[Records contained in a dataset]
______
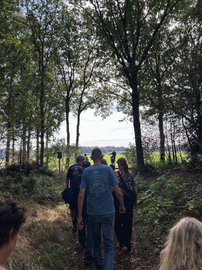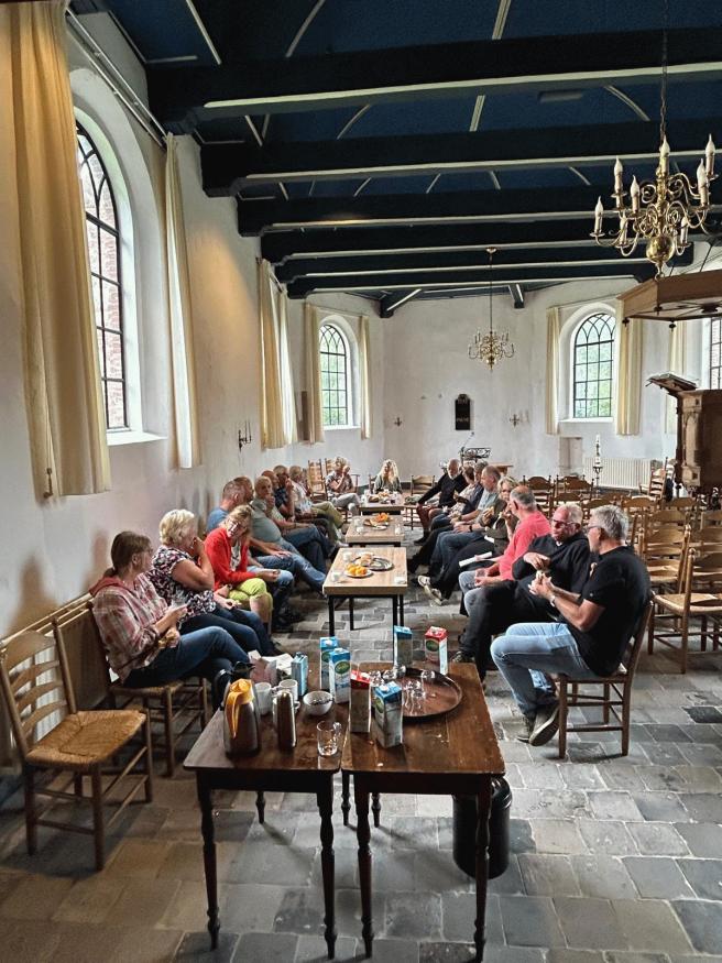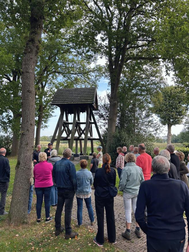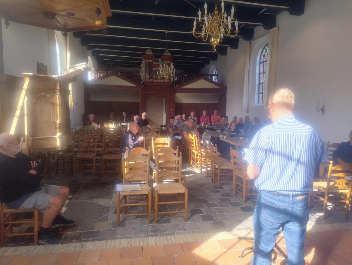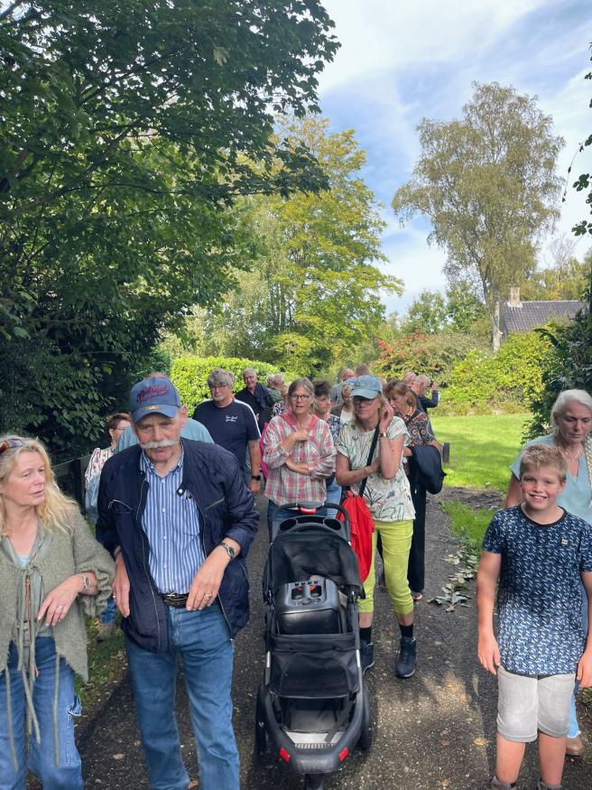 Sijtie Huisman: 'De georganiseerde wandeltocht op 20 september was een succes! Hendrik de Vries, met zijn rustige stem, kon mooi vertellen in ’t Frysk’. Aangevuld door Jan Mulder, kregen we te horen wat er historisch had plaatsgevonden op bepaalde locaties aan de Kerkelaan, Weversbuurt, Aaltjelaan en terug naar het kerkje. De historie van het kerkje werd ook verteld, erg interessant. Als ‘mienskip’ werden er contacten opgedaan en de werkgroep ‘fiets- en wandeltocht’ zorgde voor koffie en broodjes. Een erg geslaagde eerste tocht van de werkgroep!
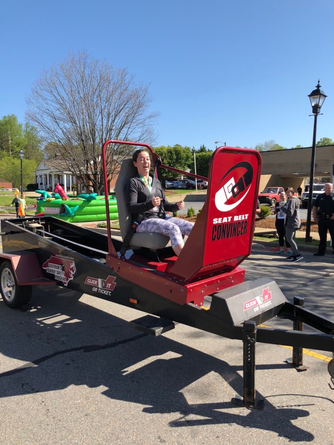 There was also a police tent and they talked us all into trying the Seatbelt Convincer…which is definitely convincing even though I’ve never needed to be convinced to wear my seatbelt. It made for some fab videos though and a bunch of young women “crashing” got more people over to their tent. You’re welcome.
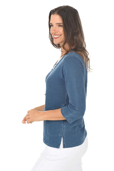 Wild Palms Cotton French Terry Lace-Up V-Neck Knit Top Effortless style meets comfort in this versatile knit top. Crafted from soft cotton French terry, it features a flattering V-neckline and adjustable lace-up front detail for a customizable fit. Perfect for layering or wearing solo, this piece transitions seamlessly from casual days to relaxed evenings. The breathable fabric keeps you comfortable all day long.
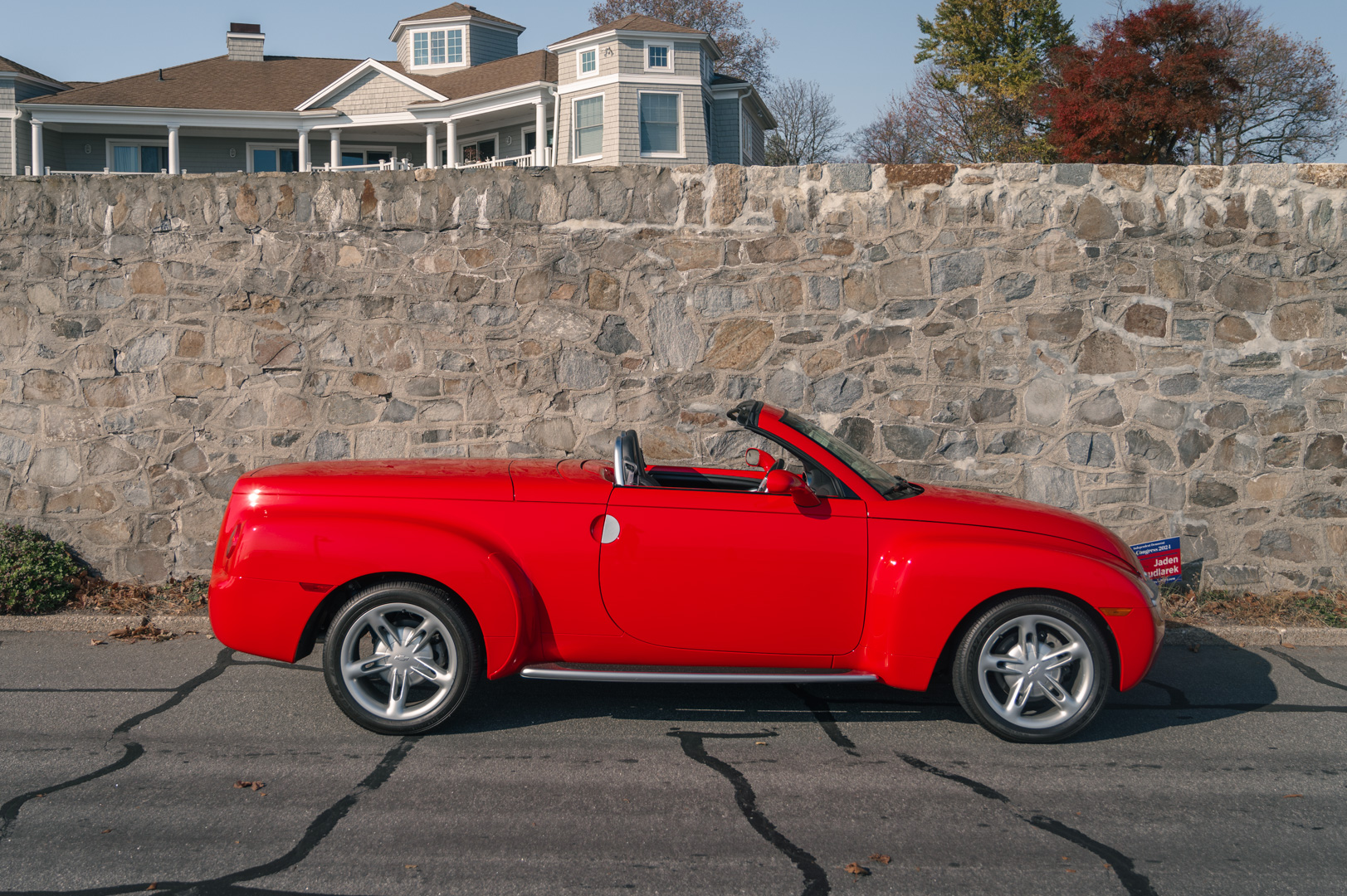 Silver-finished 19″ front and 20″ rear five-spoke cast-aluminum wheels are mounted with Goodyear tires. The SSR was equipped from the factory with a ZQ8 sport suspension featuring an independent front and five-link solid-axle rear setup with front and rear stabilizer bars. Stopping power is provided by four-wheel ventilated disc brakes.
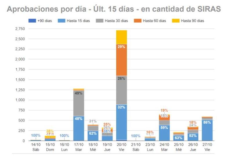 El riesgo que advierten los analistas es el de la política ya que, justamente, el viernes 20 de octubre -previo a las elecciones- las aprobaciones picaron en punta. "Se han aprobado SIRAs muy rápidamente, algo no habitual", explicó Eduardo Rotbard, CEO de Ia firma que procesa el 25 % de los datos del mercado (5.300 CUITs), y señaló que valores que estaban en 30% hace dos semanas crecieron al 50% en octubre.
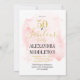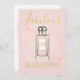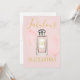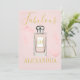 Ein rosa Aquarellspritze ist der Hintergrund für diese klassische französische Parfümflasche. Das Etikett auf der Flasche hat die Nummer 50, kann jedoch für jedes Alter geändert werden. Der Name in einer goldenen Farbe kann leicht für Ihr persönliches Design geändert werden.
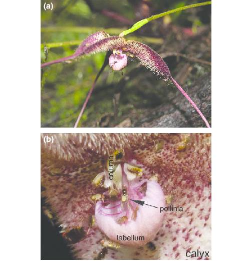 事实证明,有添加气味的那组,吸引了比对照组多3倍的蝇类前来,它们似乎把这当成了交配和产卵的场所。只要无意中碰到小龙兰的花粉块,等这些不知情的蝇类飞抵下一朵花时,便完成了一次授粉使命。
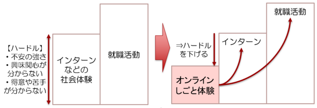 個人の目的や個性に応じたオンライン就業体験を通じて、就職への不安や難しさを感じている方々も含めた幅広い就業希望者のキャリア開発、就職実現を目指す
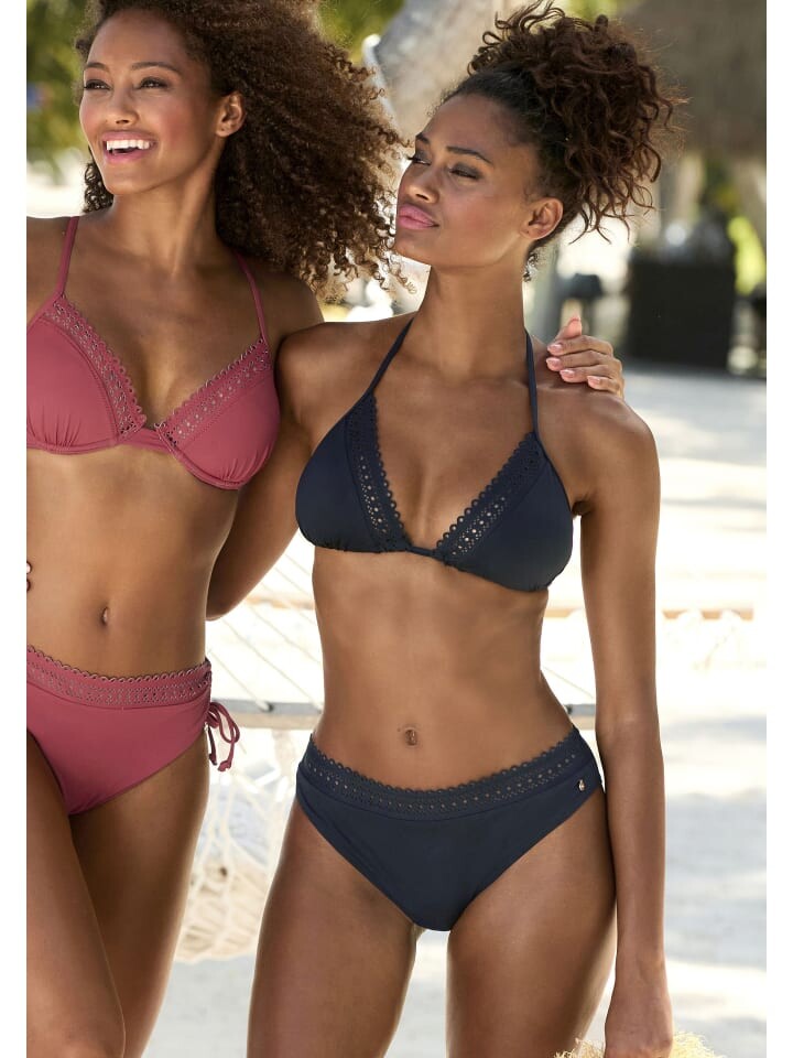 Треугольный топ от s.Oliver с декоративным узором из отверстий в качестве отделочного края. Шейный держатель для завязывания. Съемные чашки. Мягкое качество микрофибры.
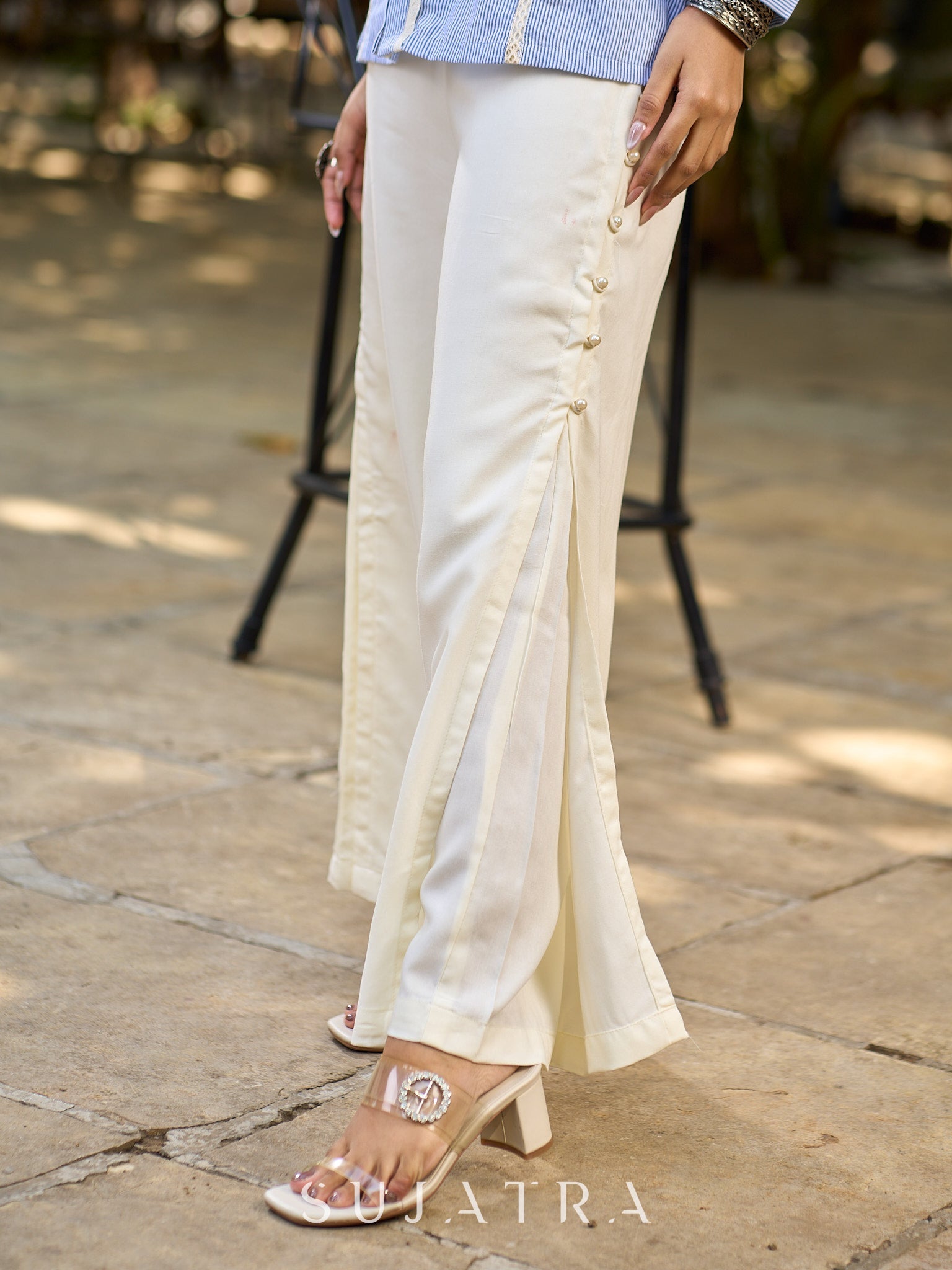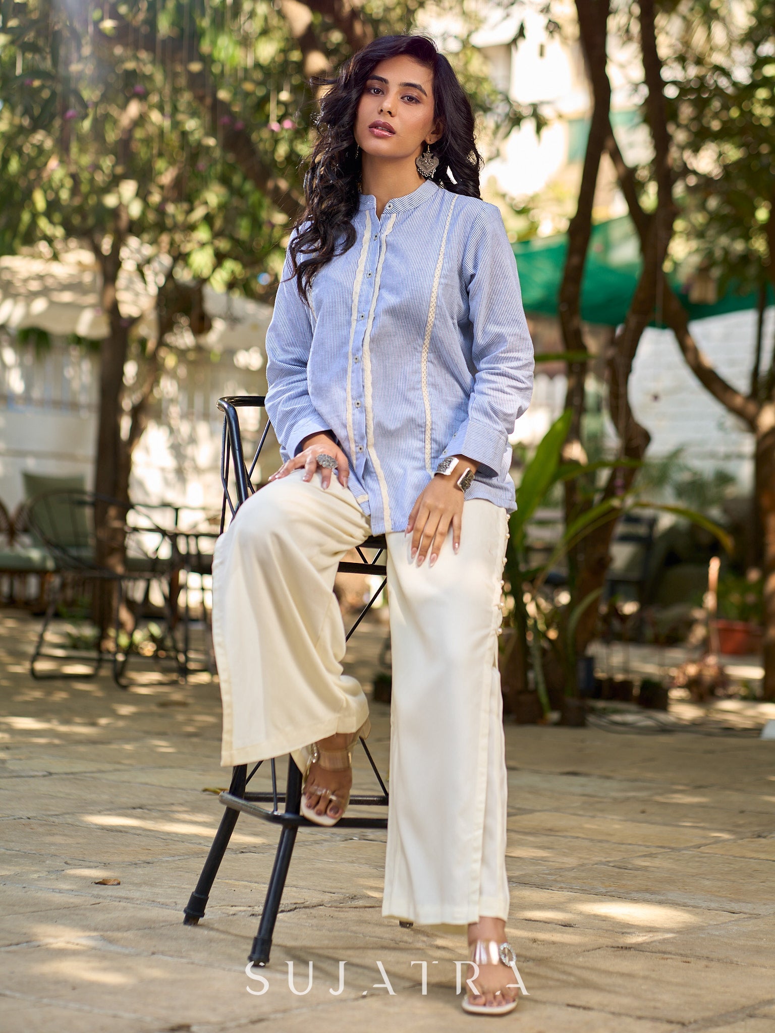 Light Blue Cotton Striped Shirt with Soft Lace Touches
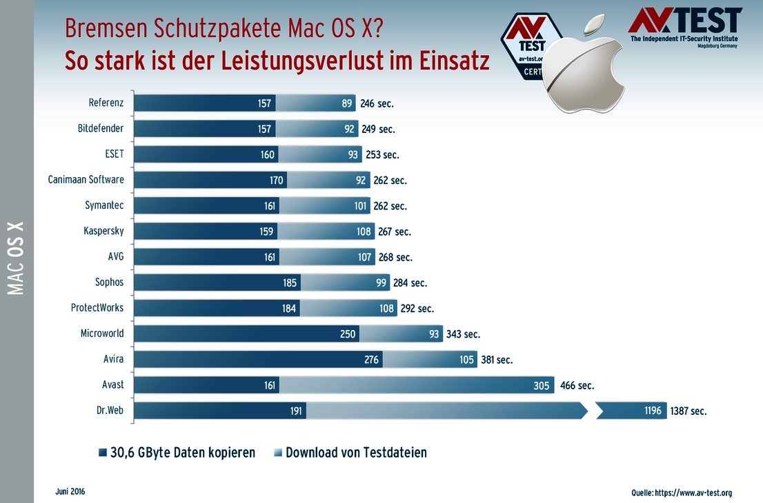 Mac OS X nutzt zwar bereits systemeigene Schutzeinrichtungen, wer aber auf Nummer sicher gehen will, der rüstet mit einer guten Schutz-Software weiter auf. Das Magdeburger Institut AV-TEST hat 12 aktuelle Programme geprüft, wobei einige nicht gut aussehen.
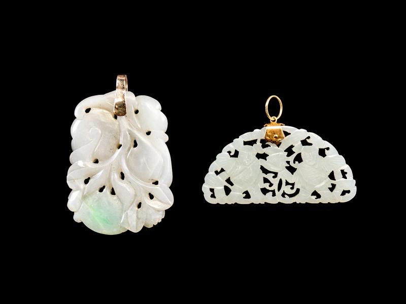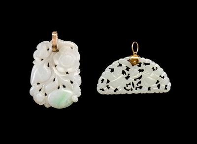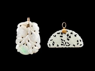 Two Chinese Reticulated Jade and Jadeite Pendants
______
PROBLEM DETAILS: The reply must hold every line above exactly as written and none of the pictures.

WRITTEN ANSWER:
 Sijtie Huisman: 'De georganiseerde wandeltocht op 20 september was een succes! Hendrik de Vries, met zijn rustige stem, kon mooi vertellen in ’t Frysk’. Aangevuld door Jan Mulder, kregen we te horen wat er historisch had plaatsgevonden op bepaalde locaties aan de Kerkelaan, Weversbuurt, Aaltjelaan en terug naar het kerkje. De historie van het kerkje werd ook verteld, erg interessant. Als ‘mienskip’ werden er contacten opgedaan en de werkgroep ‘fiets- en wandeltocht’ zorgde voor koffie en broodjes. Een erg geslaagde eerste tocht van de werkgroep!
 There was also a police tent and they talked us all into trying the Seatbelt Convincer…which is definitely convincing even though I’ve never needed to be convinced to wear my seatbelt. It made for some fab videos though and a bunch of young women “crashing” got more people over to their tent. You’re welcome.
 Wild Palms Cotton French Terry Lace-Up V-Neck Knit Top Effortless style meets comfort in this versatile knit top. Crafted from soft cotton French terry, it features a flattering V-neckline and adjustable lace-up front detail for a customizable fit. Perfect for layering or wearing solo, this piece transitions seamlessly from casual days to relaxed evenings. The breathable fabric keeps you comfortable all day long.
 Silver-finished 19″ front and 20″ rear five-spoke cast-aluminum wheels are mounted with Goodyear tires. The SSR was equipped from the factory with a ZQ8 sport suspension featuring an independent front and five-link solid-axle rear setup with front and rear stabilizer bars. Stopping power is provided by four-wheel ventilated disc brakes.
 El riesgo que advierten los analistas es el de la política ya que, justamente, el viernes 20 de octubre -previo a las elecciones- las aprobaciones picaron en punta. "Se han aprobado SIRAs muy rápidamente, algo no habitual", explicó Eduardo Rotbard, CEO de Ia firma que procesa el 25 % de los datos del mercado (5.300 CUITs), y señaló que valores que estaban en 30% hace dos semanas crecieron al 50% en octubre.
 Ein rosa Aquarellspritze ist der Hintergrund für diese klassische französische Parfümflasche. Das Etikett auf der Flasche hat die Nummer 50, kann jedoch für jedes Alter geändert werden. Der Name in einer goldenen Farbe kann leicht für Ihr persönliches Design geändert werden.
 事实证明,有添加气味的那组,吸引了比对照组多3倍的蝇类前来,它们似乎把这当成了交配和产卵的场所。只要无意中碰到小龙兰的花粉块,等这些不知情的蝇类飞抵下一朵花时,便完成了一次授粉使命。
 個人の目的や個性に応じたオンライン就業体験を通じて、就職への不安や難しさを感じている方々も含めた幅広い就業希望者のキャリア開発、就職実現を目指す
 Треугольный топ от s.Oliver с декоративным узором из отверстий в качестве отделочного края. Шейный держатель для завязывания. Съемные чашки. Мягкое качество микрофибры.
 Light Blue Cotton Striped Shirt with Soft Lace Touches
 Mac OS X nutzt zwar bereits systemeigene Schutzeinrichtungen, wer aber auf Nummer sicher gehen will, der rüstet mit einer guten Schutz-Software weiter auf. Das Magdeburger Institut AV-TEST hat 12 aktuelle Programme geprüft, wobei einige nicht gut aussehen.
 Two Chinese Reticulated Jade and Jadeite Pendants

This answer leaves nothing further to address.